A base material composed of a porous scaffold, and graphene oxide which is a coating on at least a part of the surface of the base material, and the coating amount of the graphene oxide is 0.1-2. Scaffold for bone regeneration or skin regeneration in the range of 5% by mass. The scaffold according to claim 1, wherein the porous scaffold is made of at least one material selected from the group consisting of collagen, gelatin, fibrin, chitosan, hyaluronic acid, polylactic acid, hydroxyapatite, and calcium triphosphate. The scaffold according to claim 1 or 2, wherein the porous scaffold has a porosity in the range of 50 to 99% and has a continuous pore structure. The scan according to any one of claims 1 to 3, wherein the compressive strength at 50% displacement (measurement condition: crosshead speed 0.5 mm / min) is 1.2 times or more that of the porous scaffold base material. Fold. The scaffold according to any one of claims 1 to 4, wherein the coating amount of graphene oxide is in the range of 1.0 to 2.3 mass% based on the mass of the substrate. 6. The graphene oxide coating according to claim 1, comprising a thin film graphene oxide particle having a thickness of 0.4 to 10 nm and a planar size of 20 nm or more. Scaffold. The scaffold according to any one of claims 1 to 6, which is used for bone regeneration. The scaffold according to claim 7, wherein the regeneration object is bone and cartilage. The scaffold according to any one of claims 1 to 6, which is for skin regeneration. The scaffold according to claim 9, wherein the regeneration object is epidermis and dermis.
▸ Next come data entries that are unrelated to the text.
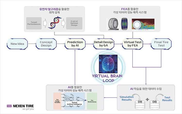 넥센타이어는 이 AI 기술을 활용한 타이어 성능 예측 시스템을 개발해 타이어 개발 절차 중 컨셉 설계 단계에서 머신 러닝 기술을 활용해 타이어 개발 시 고려되는 연비·소음·핸들링·접지·강성 등 주요 성능을 정확하고 빠르게 예측하게 된다고 해요.
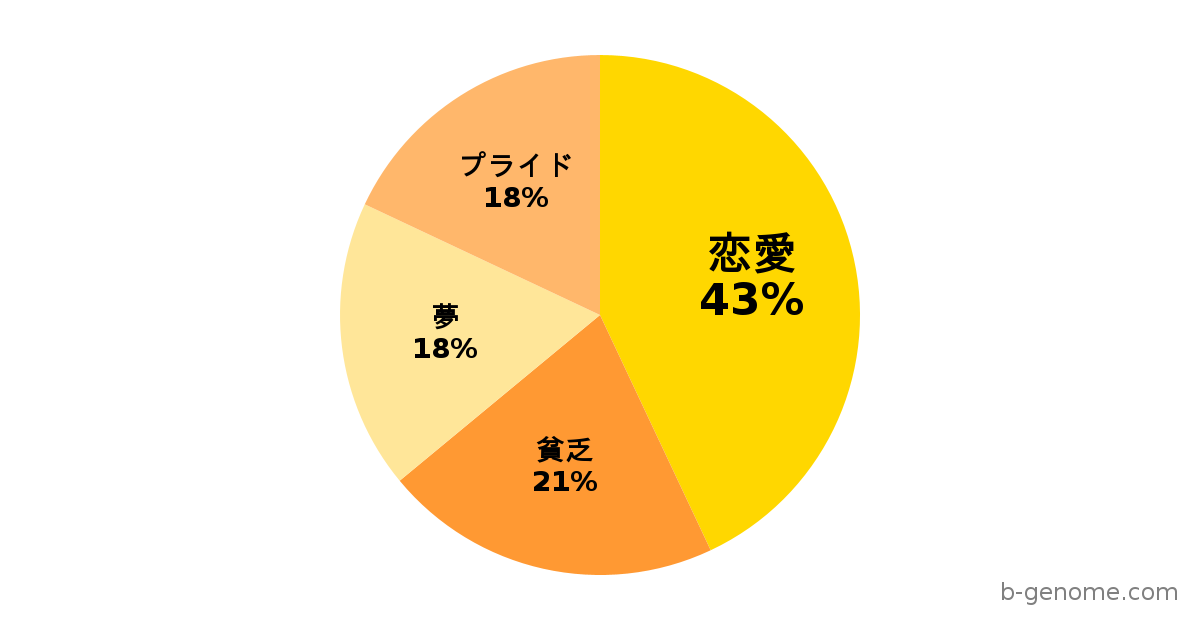 「自分がルールブック」と言わんばかりの決断力で組織を牽引します。迷える子羊たちを導くことに使命感を感じていますが、歩くスピードが速すぎて誰もついてこれないこともしばしばです。直感で「これはいける」と判断した道を進みます。根拠を聞かれても「勘だ」と答えますが、その勘が驚くほど当たります。細かい計算は苦手なので、優秀な参謀が必要です。人に任せる度量だけは一人前です。ライバルを蹴落としてでも勝ち上がろうとする競争心があります。そのハングリー精神が、なおさんを強くしています。部下の成功を自分のことのように喜べます。手柄を独り占めせず、チーム全員にスポットライトを当てる采配ができます。「スマホ一台で楽に稼げる」といった甘い言葉に弱いです。一発逆転を狙って、怪しい情報商材や投資話にコロッと騙されかける危うさがあります。ストレスが溜まると衝動買いに走ります。買った瞬間はスッキリしますが、請求書を見た瞬間に絶望するサイクルから抜け出せません。
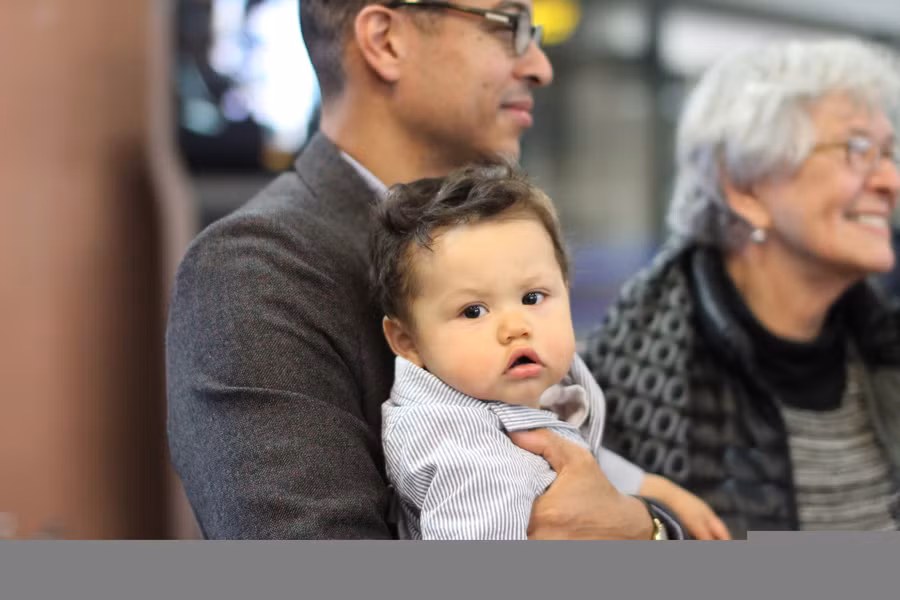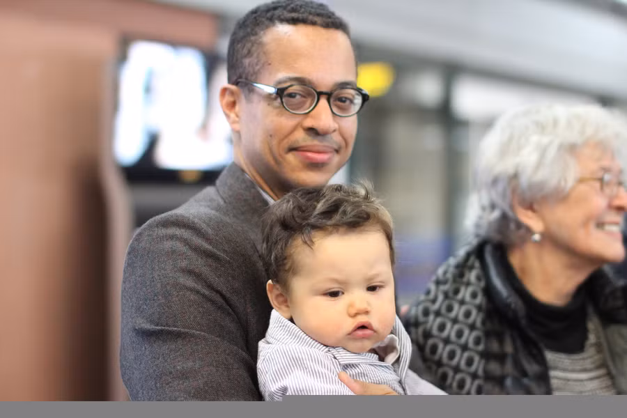 Chân dung nhà ngoại giao Clayton Bond, bạn đời của ngài tân đại sứ, với con trai trên tay
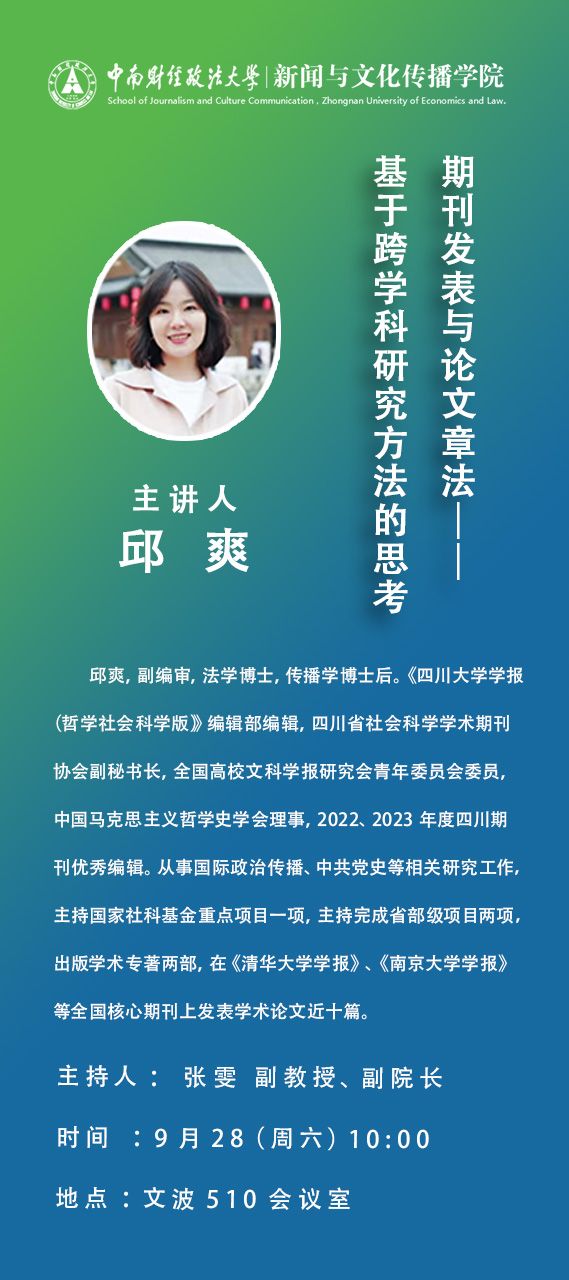 【讲座预告】邱爽:期刊发表与论文章法——基于跨学科研究方法的思考
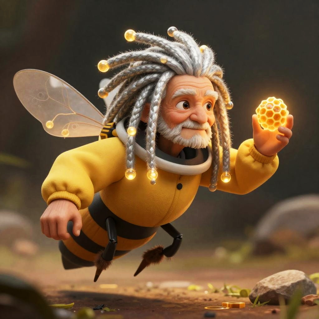Elderly Cosmic Beekeeper with Honeycomb Dreads
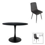 Τραπεζαρία Balou-Grato pakoworld σετ 5τεμ μαύρο Φ100×73εκ
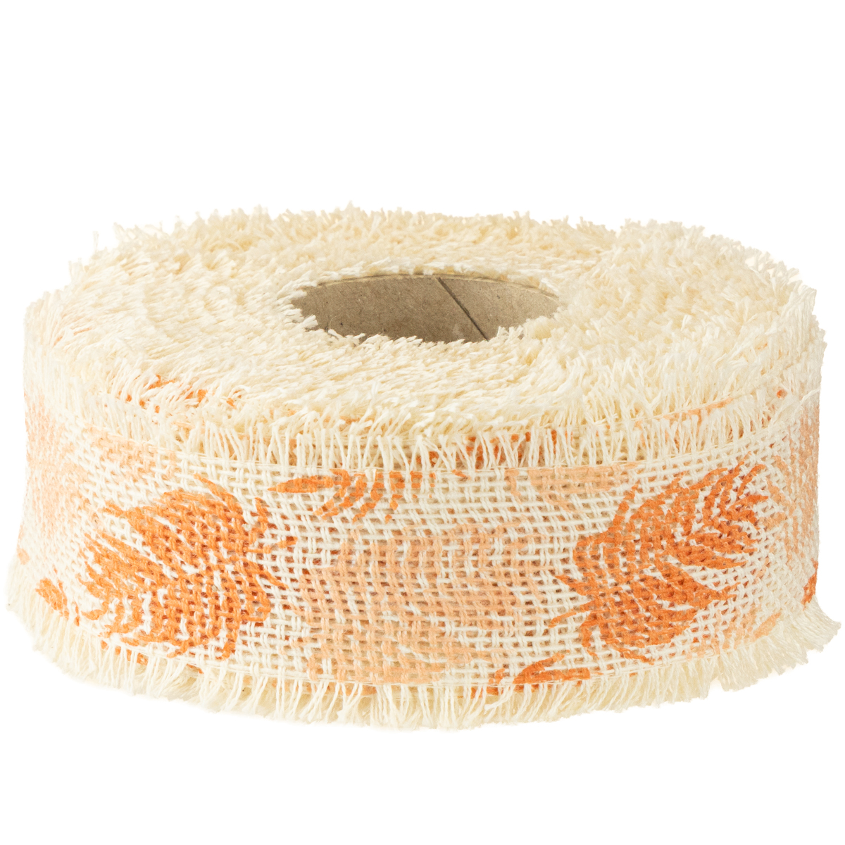 Feathery leaves in lighter and darker orange are printed on the naturally cream-colored cotton. By using the natural material cotton, the band is biodegradable and therefore more sustainable than comparable bands with plastic content. The “Go Green” label confirms the environmental friendliness of the decorative ribbon.
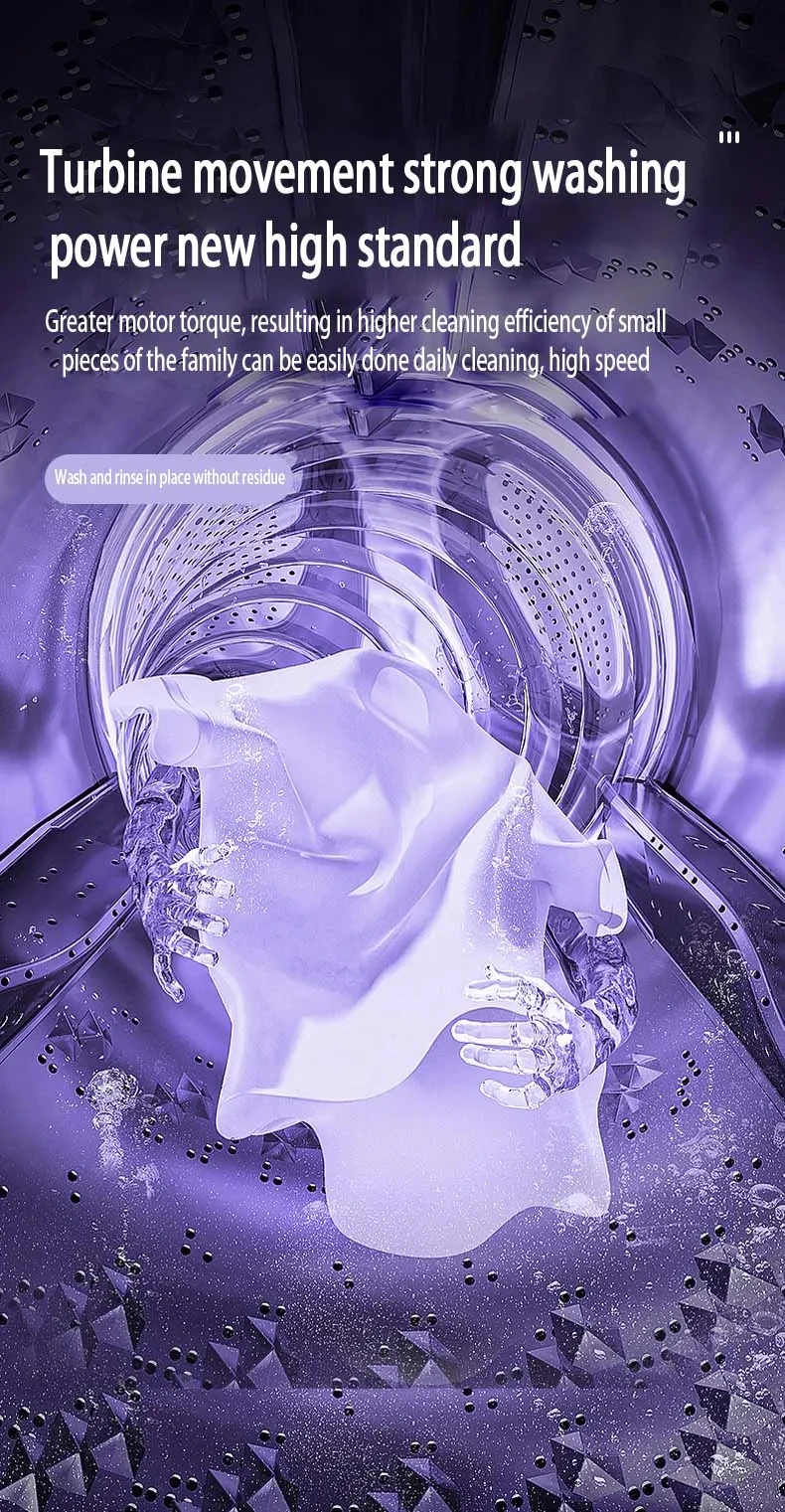 Features | 1.Wash and drain in one, exclusive drain basket, gentle clothing, used with the drain program, gently separate the residual moisture of the clothes to avoid violent dehydration causing the clothes to be pulled and deformed 2.Intelligent three-gear timing to meet your different needs, three-gear time adjustment, choose according to the degree of laundry 3.The positive and negative pulsator imitates hand washing, 360° deep soft washing does not hurt the clothes, the imitation hand washing pulsator cooperates with the precise washing speed to simulate the beating, rubbing and shaking during the hand washing process, strong stain removal and gentle turning of the clothes, clean and not hurt the clothes , cleaner than hand washing 4.The folding design does not take up space, and it can be easily stored in the living room, balcony, and laundry room with a single press. 5.With blue light Auto Disinfect
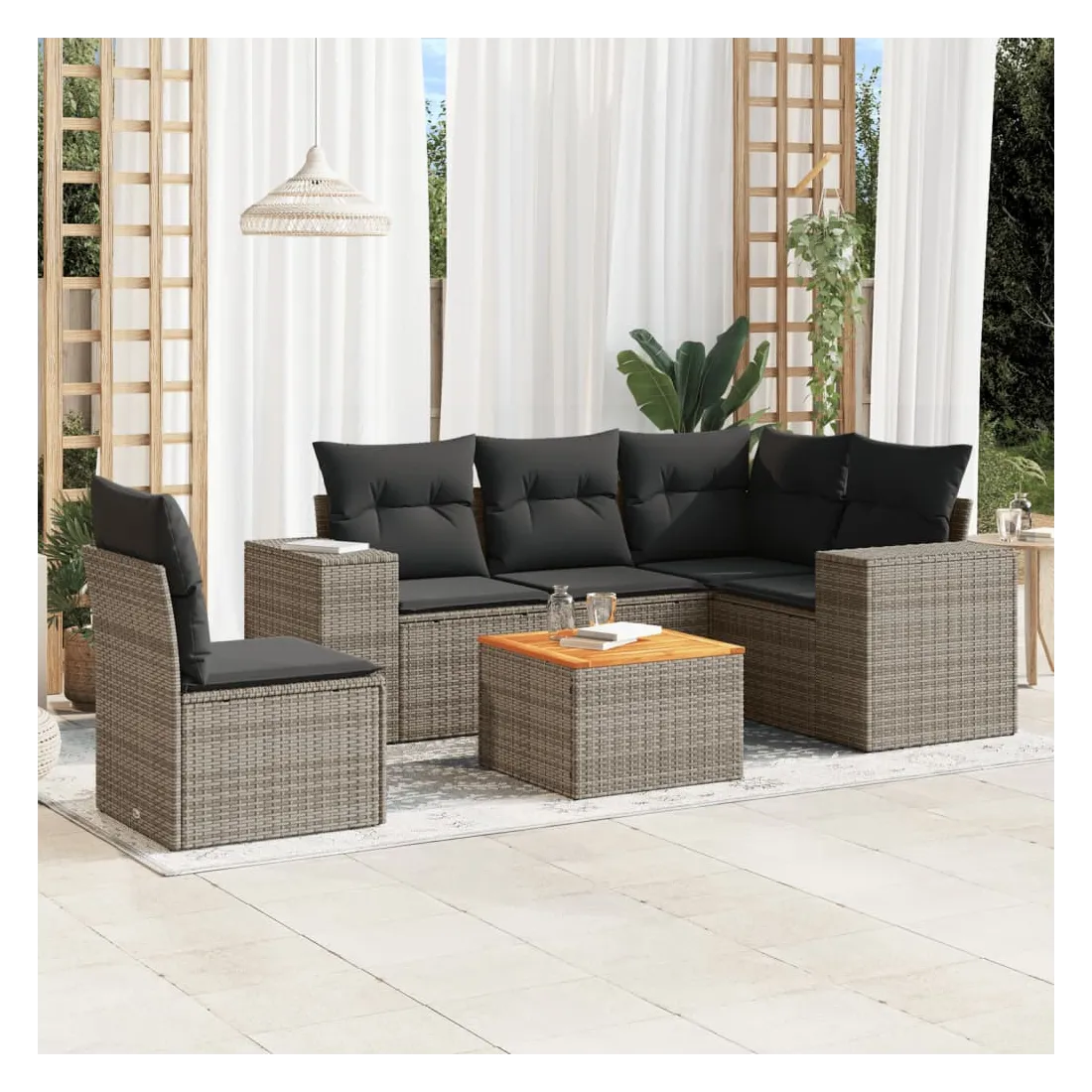 Cet ensemble de canapés de jardin est le complément parfait de votre arrière-cour, terrasse ou patio, offrant un espace confortable et accueillant pour discuter avec la famille et les amis ou simplement se détendre et profiter de l'extérieur. Matériau durable : la résine tressée, également connue sous le nom de poly rotin, est un matériau synthétique solide et nécessitant peu d'entretien qui ressemble au rotin naturel. Il est léger, facile à nettoyer et couramment utilisé pour les meubles d'extérieur en raison de sa durabilité et de ses propriétés de résistance aux intempéries.Dessus stable et facile à nettoyer : cette table de jardin a un dessus en bois d'acacia robuste, durable et facile à nettoyer avec un chiffon humide. Fonction de rangement avec sac résistant à l'eau : chaque siège de jardin dispose d'un espace de rangement sous l'assise, complété par un sac résistant à l'eau pour ranger les coussins, les jouets et d'autres objets. Les sacs intérieurs sont dotés d'un couvercle et peuvent être solidement fixés aux sièges à l'aide de bandes auto-agrippantes pour plus de stabilité.Expérience d'assise confortable : ce mobilier d'extérieur, doté de coussins épais, offre une expérience d'assise confortable.Conception modulaire : cet ensemble de meubles d'extérieur a une conception modulaire, ce qui le rend complètement flexible et facile à déplacer, afin que vous puissiez créer un agencement de meubles d'extérieur personnalisé. Bon à savoir :Pour que vos meubles d'extérieur restent beaux, nous vous recommandons de les protéger avec une housse imperméable.

It is a manufacturing method of the scaffold of any one of Claims 1-6,
The manufacturing method, comprising injecting a dispersion of graphene oxide particles into a substrate made of a porous scaffold, and coating at least a part of the surface of the substrate with graphene oxide. The manufacturing method according to claim 11, wherein the dispersion is a dispersion of graphene oxide particles in a mixed solution of water and N-methyl-2-pyrrolidone. The manufacturing method of Claim 11 or 12 whose density | concentration of the graphene oxide particle in the said dispersion liquid is the range of 0.0001-0.01 mass%.